The Apostle Peter, in Acts 3:12-21

For a long time now I’ve been dissatisfied with the traditional evangelical treatment of heaven and the afterlife.   I couldn’t figure out what was so exciting about being a disembodied spirit roving through the clouds, and I didn’t know how to get people excited about it, when everything that I really like about my life right now is dependent on my corporeal existence.  And I think a lot of Christians feel that way if they are honest.  Heaven gets good press not because it’s so wonderful in and of itself, but because it beats the alternatives: hell or non-existence (and in my understanding of the scriptures, those are eventually the same thing.)

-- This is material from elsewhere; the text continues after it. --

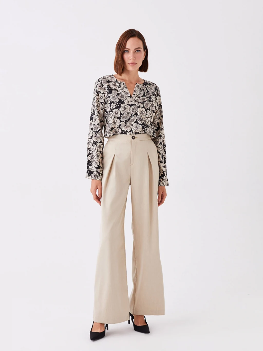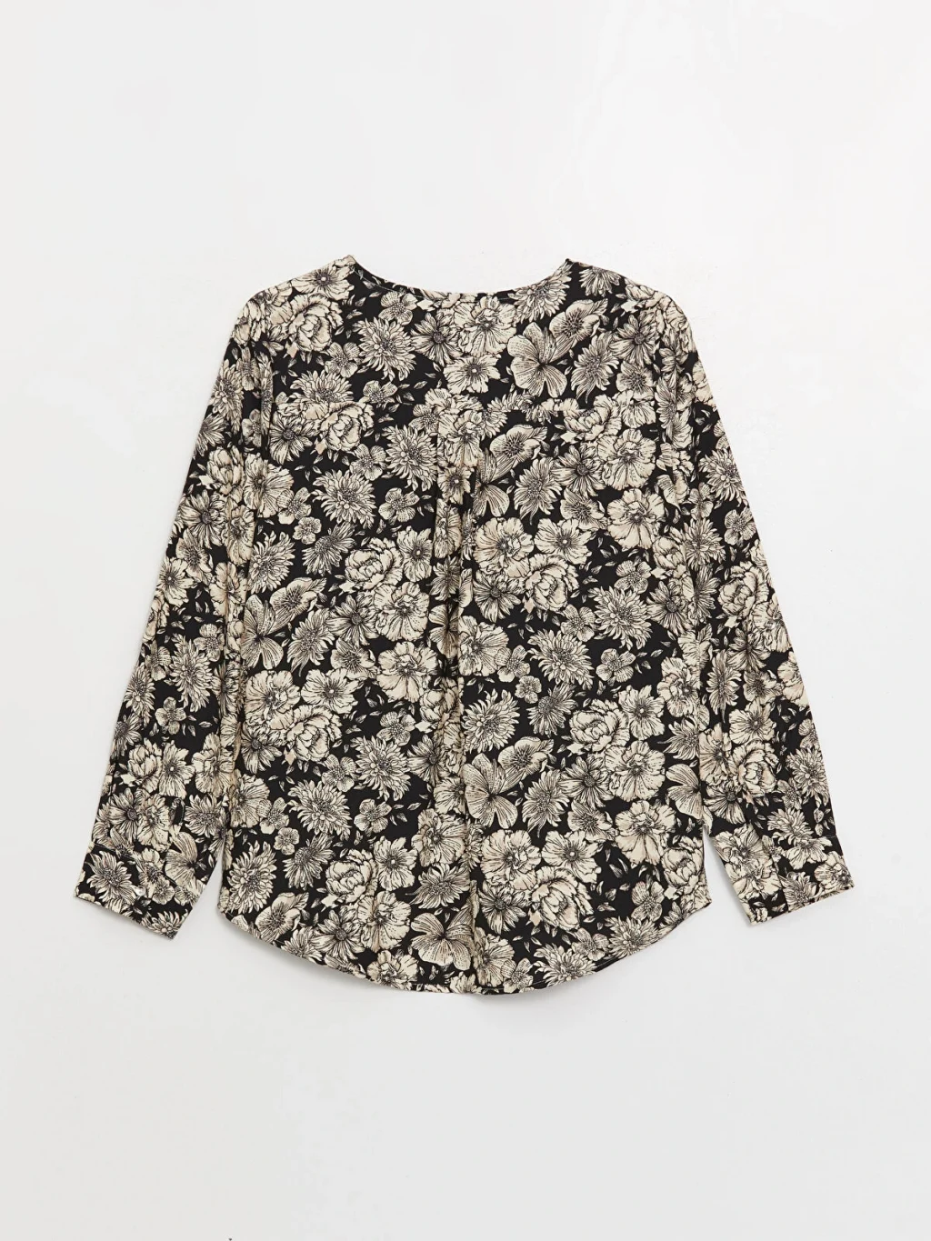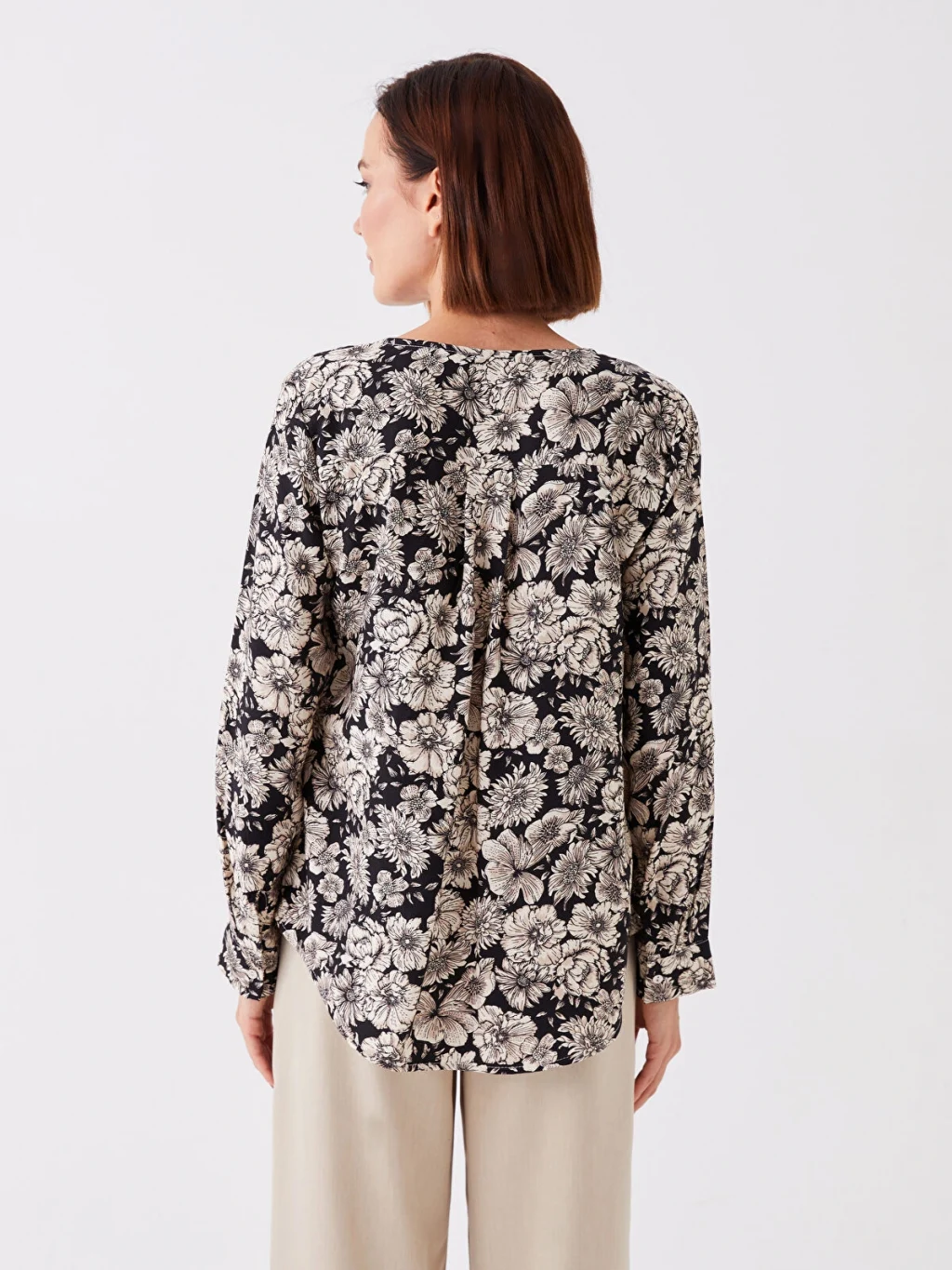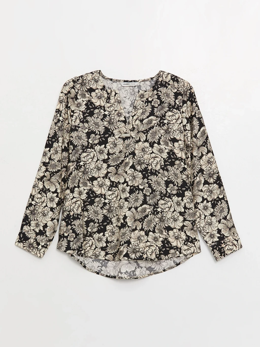 Çiçekli uzun kollu kadın bluz, jakar kumaştan üretilmiştir. Çiçek desenleriyle dikkat çeker. Kaçık yaka detayıyla özgün bir tarz oluşturur ve düğme detayları sayesinde kullanım kolaylığı sağlar. Rahat ve şık bir görünüm sunar.

I thought that there had to be something more that we just weren’t seeing.  Some of the pieces of the puzzle were starting to fall into place, but it was N.T. Wright, in his Resurrection of the Son of God and Surpised By Hope who really helped me see the big picture–something that I could genuinely be excited about.  The ultimate hope isn’t heaven, it never was.  It is bodily resurrection and everlasting life on a renewed and restored earth.  Once I glommed on to that, passages like Romans 8:18-25, 2 Peter 3:13, and Revelation 21 start to make a whole lot more sense, and I kicked myself for not having seen it before.  And then, once I had our future hope of resurrection, restoration and renewal clearly in mind, I started noticing that it was present in all kinds of scriptures.  Like Acts 3.  The apostolic message is clear.  Jesus isn’t coming back to wisk us away or to end his misguided experiment with time and matter.  He is coming back to restore all things.  Everything broken will be fixed.  Everything thing tarnished will be cleansed.  Everything dead will be brought back to life.  That, and nothing less than that, is what we are anticipating.  The complete prophetic vision will be made reality, and the glory of the Lord will cover the earth.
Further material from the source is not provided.